The entire listing, reproduced exactly and stripped of images, is the expected output.
*** Opening of PROVIDED MATERIAL ***
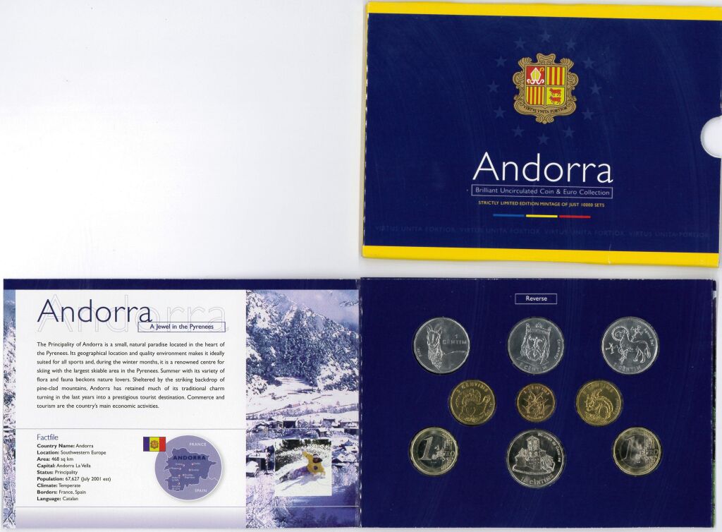 ANDORRE - Coffret fleur de coin 2002 - Comprend les 7 pièces "PRINCIPAT D'ANDORRA" de 1 centime à 10 centimes (Isard / Charlemagne / Agnus Dei / Ecureuil / Grouse / Fleur) + 1 euro de France et 1 euro d'Espagne.
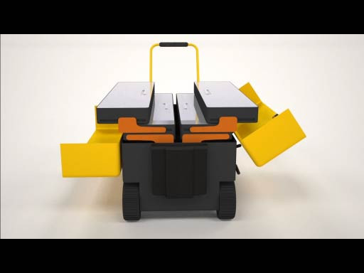 This clever new invention has a telescoping handle, folding trays, and front and rear tool pouches. It is impact resistant and has locking recessed caster wheels. The use of the Portable Tool Chest provides storage and organizational capabilities for all types of tools and supplies, both large and small, in a manner which is not only quick, easy, and effective, but improves productivity as well.
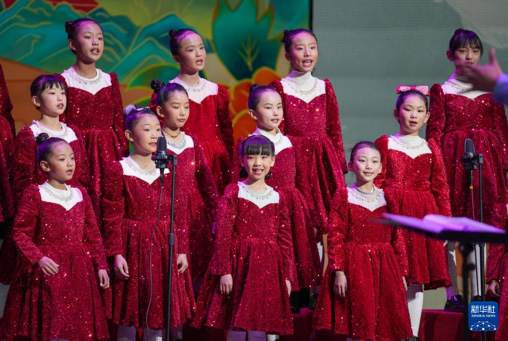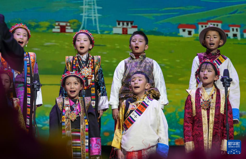12月28日拍攝的西藏首屆少兒新年音樂會暨西藏珠峰少年合唱團(tuán)2024年匯報演出現(xiàn)場。
*** Close of PROVIDED MATERIAL ***
YOUR RESPONSE:
 ANDORRE - Coffret fleur de coin 2002 - Comprend les 7 pièces "PRINCIPAT D'ANDORRA" de 1 centime à 10 centimes (Isard / Charlemagne / Agnus Dei / Ecureuil / Grouse / Fleur) + 1 euro de France et 1 euro d'Espagne.
 This clever new invention has a telescoping handle, folding trays, and front and rear tool pouches. It is impact resistant and has locking recessed caster wheels. The use of the Portable Tool Chest provides storage and organizational capabilities for all types of tools and supplies, both large and small, in a manner which is not only quick, easy, and effective, but improves productivity as well.
12月28日拍攝的西藏首屆少兒新年音樂會暨西藏珠峰少年合唱團(tuán)2024年匯報演出現(xiàn)場。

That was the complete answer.